Micropia, a museum of microbes located in the heart of Amsterdam, uses art to address the big knowledge gap between science and the general public.
Microbiology originated just a few kilometers from Amsterdam when Antoni van Leeuwenhoek built one of the first microscopes and discovered that everyday objects, as well as himself, were teeming with minuscule forms of life.
More than 200 years after Leeuwenhoek observed microorganisms for the first time, Micropia was opened in 2014 with the aim of erasing the negative view most people have on microbes. To do so, it features art installations that reveal the most amazing facts about these tiny creatures, still unknown and feared by many.
Professor Remco Kort from the Vrije Universiteit Amsterdam works in collaboration with the museum and is behind exhibits like the kiss-o-meter, which shows visitors how many bacteria are exchanged during a kiss and the many benefits it can have.
This piece is part of an exhibition titled ‘Rise and shine with microbes‘, which explores the role of microorganisms in our everyday lives. Did you know that microbes living in you and on you weigh 1.5kg? That they protect your skin and teeth? That they’re necessary to make most of the ingredients in your breakfast?
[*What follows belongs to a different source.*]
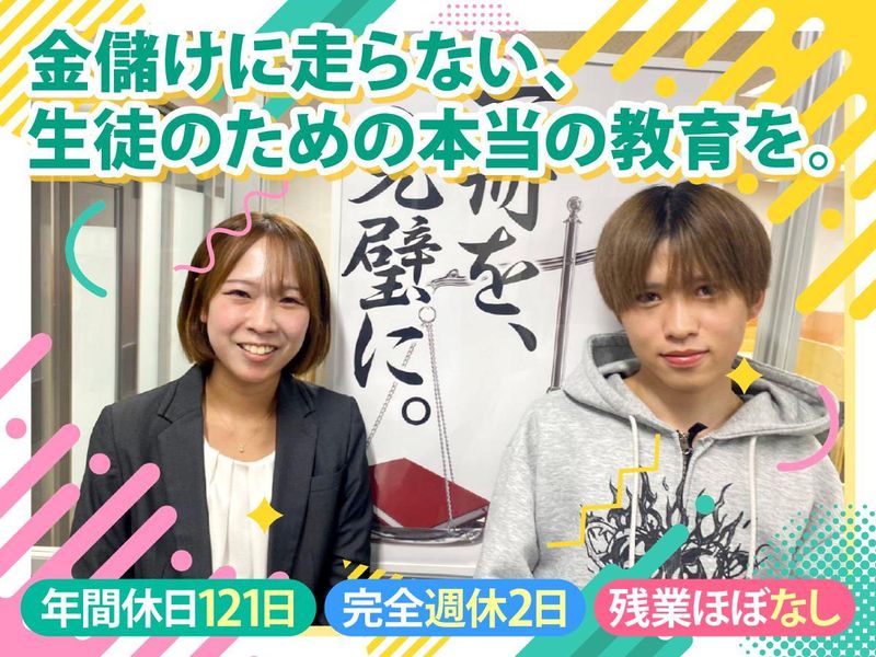 仕事内容 ■ 年間休日121日★完全週休2日 ■ ほぼ定時出勤・定時退社しています ■ 有給もしっかりとれる体制 ■ 常識や型にハマらない教育を! - ―「教育がただの金儲けになってはいけない」 もちろんボランティアでもないけど、 ただ利益だけを追求するものじゃない というのが、私たちの考え。 売上のために不必要な授業や講座を とらせるなんてもってのほか。 生徒が行きたい学校に受かるために。 生徒が決めた目標を達成するために。 私たちの軸はいつだって、 生徒の今と未来を想う気持ちにある。 / だからこそ、 こんな人と働きたい! \ 今回採用したいのは、学習塾業界経験者。 「売上のために不要な講座を勧めるのはおかしい」 「今のやり方は生徒のためになっていない」 「もっとこんな風にできたら…」 こんな想いが湧き上がっているなら、 うちの社風はきっとあなたに合うはず。 というのも、当社の共同代表2名も、 自身の経験から同じような想いで 立ち上げた会社だから。 業界の常識にとらわれず、 型にはまらず、 生徒のために熱くなれる方を お待ちしています! ▼▼ 特に今回の募集は…▼▼ 「授業をしない塾」で有名な、 武田塾での勤務です。 ★ 生徒の自学自習力を伸ばす塾 ★「わかる」⇒「できる」を徹底! ★ 完璧になるまで絶対先に進まない! 志望校や一人ひとりの学力に応じて ゴールから逆算し、 一年分のカリキュラムを作成。 一週間の宿題を一日毎に設定、 その確認テストを塾で毎週実施。 不合格なら翌週も同範囲を再テスト。 参考書を一冊ずつ完璧にします。 つまり、 「自分でやる」「できるようになる」 を徹底的にサポートするスタイル。 「わかった気になっただけ」 「やりっぱなし・解きっぱなし」 を根本から変える勉強法で 生徒の成長を支えてみませんか? ※詳細は下記URLをご覧ください。 https://www.takeda.tv/about/ ―――――【お仕事内容】――――― 武田塾での教室運営・個別指導の お仕事です。 ■教室の売上管理 ■備品・教材の発注管理 ■生徒募集に向けた広報・企画立案 ■講師スタッフの管理、採用面接 ■学習カリキュラムの作成・調整 ■生徒との個別面談/学習状況のヒアリング ■保護者へのフォロー連絡 ■イベントの企画・準備 など ◎基本的な学習指導は講師が担当! 必要に応じて得意科目の 指導をお任せすることもあります。 ◎一人ひとりに最適な指導を行えます。 ◎ビジネスカジュアルなら服装自由! ⇒スーツを着る必要ナシ! ⇒ジャケットを着てTシャツ勤務も多数◎ ―――――【入社後は】――――― 1~3ヵ月かけて研修を行います。 ▼STEP1 武田塾の本部研修 - ・武田塾の考え方 ・武田塾の勉強法 ・受験相談のロープレ (武田塾の説明の仕方等) ・研修内容のテスト など ▼STEP2 当社の研修 - ・受験相談のロープレ ・先輩社員と同席で受験相談対応 ・基本的な教室運営業務からスタート ⇒生徒の時間割と講師のシフト確認等、 かんたんな業務からお教えします! ▼STEP3 配属校でひとり立ち - ひとり立ち後もメンターの先輩社員に 気軽に相談できる体制! 現社員も毎日連絡を取り合って 生徒の指導や保護者対応など 何でも相談しています◎ / 日本教育設計HOGグループ ってどんな会社? \ “ヒトを笑顔に”という理念を掲げ、 教育事業を軸に福祉事業まで展開。 教育の個別最適化に加え、 障害福祉サービス、リスキリング といった子どもから障がいのある方、 そして大人まで、すべての人の学びを支える 「教育の総合機関」を目指しています。 / 塾なのに… 年間休日121日! \ そして完全週休2日。 基本的に早出や残業ほぼなし。 社員も「ライブ行きます!」 と気軽に有給を使っていますし、 休日に電話対応の必要もありません。 塾業界経験者にはよく驚かれますが、 本当です(笑) あなたがお休みの日は、 事務スタッフや講師、他社員が 対応する体制ができています。 生徒を笑顔にするには、 まずは先生が笑顔じゃないと。 そんな考え方を根底に、 働く社員のための環境づくりにも、 本気の会社です。 ||◤この求人を見ているあなたへ ―――――――――――――――― 少子化が進み、従来の学習塾という 枠組みだけでは生き残れない時代が 到来しています。 しかし、どんな時代でも、 “ヒトを笑顔に”という 私たちの理念は変わりません。 私たちが進めるのは、 教育の個別最適化に加え、 放課後等デイサービスによる 療育等の障害福祉サービス、 そしてリスキリングといった 大人の学びも応援できる展開。 " 教育 " を通してより多くの人と関わり、 関わるすべての人を笑顔にする。 その先に、当社の未来はあります。 だからこそ、 周りの人を笑顔にできる、 周りの人を笑顔にしたい、 そんな人と一緒に働きたい。 まずは 自分自身が笑顔であるために、 常に物事を楽しむ姿勢を持って 仕事に取り組んでいく。 そんな社員一人ひとりの成長が、 会社の成長に繋がる組織でありたい。 「これオモロそう!」 という一人ひとりのアイデアを、 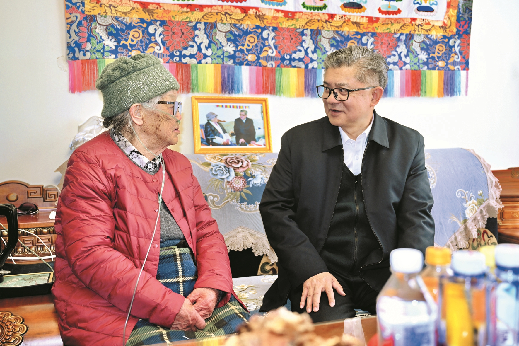 “老人家,我又来看您了!去年我们约好,过节时我一定再来看您。”来到十八军老战士才仁白姆家中,王强快步上前,紧紧握住老人双手亲切地说道。老人笑容满面,由衷感谢党和政府的挂念。交谈中,王强细心询问老人的日常起居、健康状况和家庭情况,简要介绍了拉萨的新变化新成就,并反复嘱咐她要保重身体,安享幸福晚年。王强指出,十八军老战士是西藏革命和建设事业的开拓者、奉献者和保卫者,更是老西藏精神、“两路”精神的创造者、实践者,是党和国家的宝贵财富。他要求相关部门要用心用情用力做好服务保障工作,做到思想上关心、生活上照顾、精神上关怀,让老战士晚年生活更加舒心、安心、顺心。

With living pieces and plenty of interactive installations, these are the kind of questions that the museum answers to curious visitors of all ages.
Micropia also highlights the big role microbiology can play in solving global problems, being used to purify water, develop new medicines, and produce energy or food. Its most recently added display focuses particularly on bio-plastics and how bacteria could turn the production of this ever-present material into a sustainable process.
What impressed me was that despite the overwhelming numbers of microorganisms that exist, this artistic space has somehow managed to include info and fun facts about all types of microbes, from bacteria and algae to the popular tardigrades or water bears — cute superhero organisms that can even survive in space. It’s just great to see science and art come together like this to make these exciting topics accessible to everyone.